Итак, Рэкхэмы грузятся в свой кеб, а Конфетка в свой. Так часто этим все и заканчивалось — так часто, что уже стало едва ли не рутиной. Рэкхэмы покидали то или иное событие Сезона и отправлялись «домой», а тень их, Конфетка, спешила в свое жилище на Прайэри-Клоуз, надеясь на то, что в эту ночь Уильям приедет к ней. Не может же она вечно тащиться за ним на расстоянии в двадцать шагов или бродить вдоль ограды его парка! Ей должно находиться там, где он рассчитывает ее увидеть, и быть готовой принять его.

До сей поры инстинкт, говоривший Конфетке, когда нужно следовать за ним, а когда нестись на Пайэри-Клоуз, не был, как вы могли бы выразиться, «безошибочным». За три недели Уильям посетил ее дважды. В первый раз он застал ее врасплох, только что вошедшей в дом, еще попахивавшей прокуренным театром, из которого приехал и сам. (После мгновенного колебания, Конфетка решила, что честность — лучшая политика, и заставила его подивиться совпадению — надо же, они оба смотрели одну и ту же пьесу.
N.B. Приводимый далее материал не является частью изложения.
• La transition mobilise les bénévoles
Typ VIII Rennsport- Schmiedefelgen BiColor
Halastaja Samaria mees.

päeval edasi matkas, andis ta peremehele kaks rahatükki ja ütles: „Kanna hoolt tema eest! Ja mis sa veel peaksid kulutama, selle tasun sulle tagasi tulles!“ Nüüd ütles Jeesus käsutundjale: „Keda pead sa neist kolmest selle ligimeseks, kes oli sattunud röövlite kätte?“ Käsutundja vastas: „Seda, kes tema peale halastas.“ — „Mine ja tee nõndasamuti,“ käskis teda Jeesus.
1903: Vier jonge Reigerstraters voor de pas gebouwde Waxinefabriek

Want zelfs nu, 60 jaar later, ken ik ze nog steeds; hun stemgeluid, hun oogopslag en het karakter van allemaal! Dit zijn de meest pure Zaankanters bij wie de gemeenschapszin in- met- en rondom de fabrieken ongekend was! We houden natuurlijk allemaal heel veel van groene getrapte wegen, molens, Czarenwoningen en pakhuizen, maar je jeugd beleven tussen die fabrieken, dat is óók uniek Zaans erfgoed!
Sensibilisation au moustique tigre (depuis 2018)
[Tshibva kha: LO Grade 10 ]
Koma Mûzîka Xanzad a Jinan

В общем, разговор получился вполне приятным, а последовавшее за ним соитие — страстным ничуть не менее тех, какие Уильям совершат с нею прежде.) В другой же раз, Конфетка, возвратившись домой, обнаружила на полу прихожей записку:

  • Мне с сердцем разбитым уж ждать не пристало;
  • Я ль рано пришел или ты опоздала?[59]
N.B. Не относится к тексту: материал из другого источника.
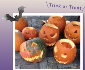
まちを賑やかにするカボチャたち

10月のハロウィンに向けて田中のまちなかでは様々な場所でオバケカボチャが登場。またクリスマスの頃には田中駅前 の クルミの木もイルミネーションでキラキラ輝きます。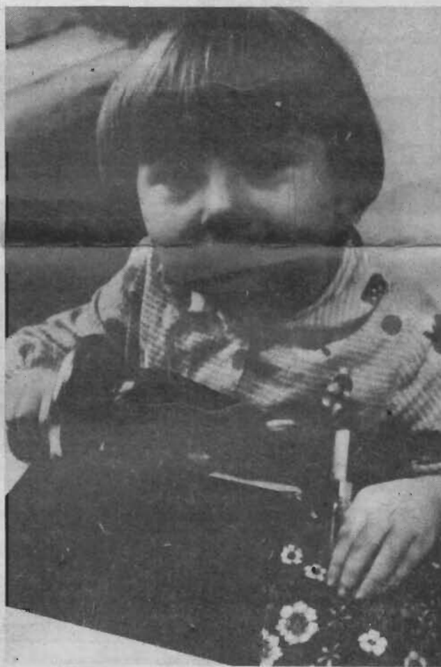
— Маме-то платье к Новому году я сошью. А вот себе не из чего. Вот беда...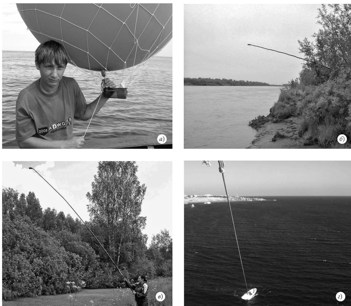
Рис. 1. Способы фотосъёмки рыб через поверхность воды: а — гелиевый шар с кассетой для фотоаппарата; б — наклонный шест над «тропой» анадромной горбуши; в — фотоаппарат на конце удильца; з — фотосъёмка с буксируемого парашюта

Автором измерены расстояния между рыбами в литорали и эпипелагиали на фотогра-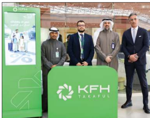
لقطة جماعية للمشاركين في فعاليات اليوم الطبي

نظمت شركة بيتك للتأمين التكافلي «بيتك تكافل» يوماً طبياً بمقر شركة الخطوط الجوية الكويتية تضمن إجراء بعض الفحوصات لموظفي الشركة بالتعاون مع بعض المؤسسات والمراكز الطبية، وذلك في إطار التعاون المشترك وجهود تعزيز العلاقات مع الشركاء وحرص «بيتك تكافل» الدائم على أن تمثل بعلاقتها قيمة مضافة وعنصر دعم لشركائها والمجتمع وعموم المتعاملين معها. وشارك في الفعالية لموظفي شركة الخطوط الجوية الكويتية بعض المراكز الطبية، بجانب شركة «بيتك تكافل» التي رعت ونظمت الفعالية التي حازت التقدير والثناء من الجميع، نظراً لما قدمته من خدمات وما احتوته من فوائد ومزايا لموظفي «الكويتية» الذين شاركوا بأعداد كبيرة فيها. وعلاوة على الشق الطبي، قامت شركة «بيتك تكافل» بتقديم خصومات خاصة لموظفي «الكويتية» وعائلاتهم على جميع أنواع التأمين التي تقدمها، والتي تغطي احتياجات الأفراد والأسر بمنتهى الخدمات متنوعه ومتوافقة مع أحدث المعايير العالمية والضوابط المحلية.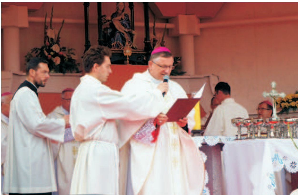
Fot. 30. Diecezjalna Pielgrzymka do Matki Bożej Bolesnej w Skrzatuszu 15.09.2019 r. – odczytanie dekretu o nadaniu tytułu bazyliki mniejszej kościołowi skrzatuskiemu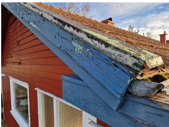
Rötskador på vindskivor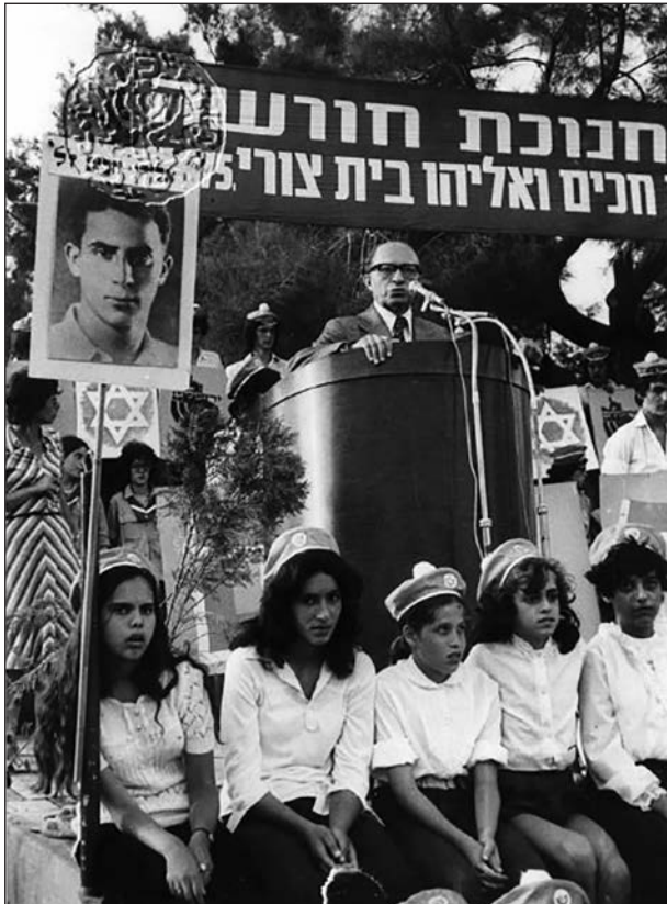
Begin Lehi-emléknapon beszél

Meir Feinstein tárgyalásán is. Az ő megnyilvánulása egyike volt a legélesebb, legfrappánsabb támadásnak: „Önök az akasztófák uralmán alapuló rezsimet akarnak bevezetni ebben az országban. Gonoszsággal párosuló butaságukban, azt képzelik, sikerül megtörni népünk szellemét, ha az egész országból egy akasztófából álló erdőt csinálnak. Tévednek. Meg fogják tanulni, hogy az a szellem, melyet meg akarnak törni, acélból készült, és a szeretet, valamint a gyűlölet tüzeiben edződött meg! A hazaföld és a szabadság szeretete és az elnyomók iránti gyűlölet táplálja ezt a tüzet. Izzó acél ez. Sosem fogják eltörni, saját kezüket pusztítják el! Milyen vakok is maguk, brit tirannusok, még mindig nem jöttek rá, hogy ez a harc példátlan az emberi történelemben? Komolyan azt hiszik, félünk a haláltól, mi, akik évek óta azt halljuk, hogyan hajtják vágóhídra testvéreinket, szüleinket, népünk legjavát? Mi, akik minden egyes nap azt kérdezzük magunktól, miért vagyunk jobbak, mint testvéreink milliói? Miben rejlik az erényünk, hiszen ott lehetnénk velük a félelem napjaiban és a halált megelőző pillanatokban. Ezekre a szakadatlanul ismétlődő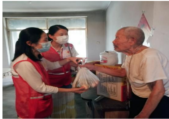
图 6-3 志愿者探望独居老人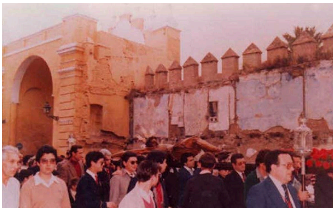
Traslado Desamparo y Abandono 1980 / Hermandad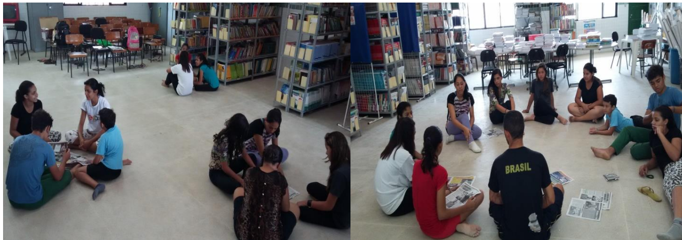
Figura 1 e Figura 2: Pesquisa e discussão sobre violência através de matérias de jornais.

As imagens abaixo retratam os momentos tanto da pesquisa quanto das discussões sobre a abordagem descrita acima.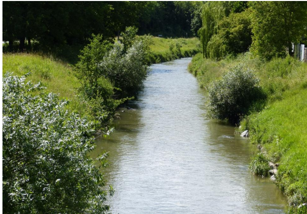
Abbildung 10. Untersuchungsstrecke A, Blick flussauf.

Figure 9. Stretch A, looking upstream. 17-vi-2016, Photo: A. Chovanec.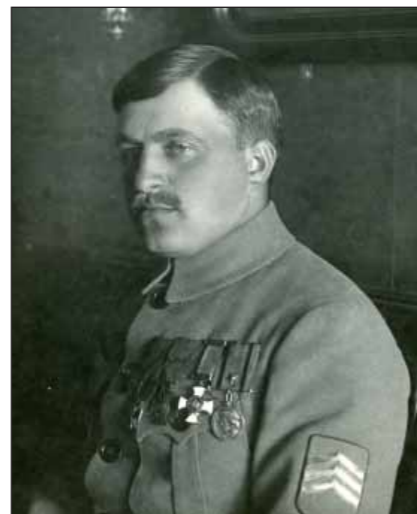
Plk. Ludvík Krejčí, velitel II. divize, nositel Medaile J. Žižky 2. stupně. 1919.

Dne 8. prosince 1918 přijíždí do Jekatěrínburku gen. Štefánik. Přimo z nádraží se odebrá k návštěvě Vojenského odboru Odbočky ČSNR, kde je vyznamenán Medailí J. Žižky 2. stupně. Podle jedné verze, hodnověrnější, mu medaili předal jménem Odbočky ČSNR Medek, podle jiné mu MJŽ udělil gen. Gajda, což lze zpochybnit: Gajda byl přece jeho podřízeným. Žádný doklad o vyznamenání gen. Štefánika se dodnes nenašel.

(И несколько следующих дней ломала над этими виршами голову, толкуя их вкривь и вкось, пытаясь понять, какими были истинные чувства их сочинителя.)

Сегодня, вернувшись после проведенного на скачках дня, Конфетка входит в свое темное любовное гнездышко и тишина его — такая, что она слышит собственное дыхание, — мгновенно вызывает у нее раздражение. Болит голова, Конфетка срывает с нее неказистую шляпку, вытаскивает из волос гребни, зарывается в них — в волосы — пальцами. Строгий прямой пробор держится на ее голове уже столь долгое время, что, избавляясь от него, Конфетка поеживается от боли. Пот разъел нежную кожу ее зауший. Лицо, обнаруживает она, взглянув в зеркало прихожей, потемнело от копоти.

Пока наполняется ванна, Конфетка рыщет по дому в поисках съестного. Она ничего не ела весь этот день, если не считать яблока поутру, булочки с кремом, слопанной ею в кебе по пути к «Сандаун-Парку», да кусочка, откушенного от купленной на ипподроме колбасы. Колбаса, еще шипевшая, когда Конфетка получила ее от лоточника, была ошибкой: на вид эта дрянь ничем не отличалась от колбасок, которые так нравились Конфетке, когда она еще жила на Черч-Лейн, где мистер Бинг катил от двери к двери свою окутанную дымком тележку, а она и Каролина выскакивали из постелей и покупали самые большие, жирные и поджаристые колбасины, какие у него имелись. Однако у сегодняшней вкус был совсем не такой, как у колбасок мистера Бинга, эта отдавала поджаренной на керосине свиной мертвечиной. Найдется ли, если честно, человек, способный переварить подобную мерзость? Конфетка выплюнула то, что успела откусить, и еще несколько часов чувствовала себя преотвратно.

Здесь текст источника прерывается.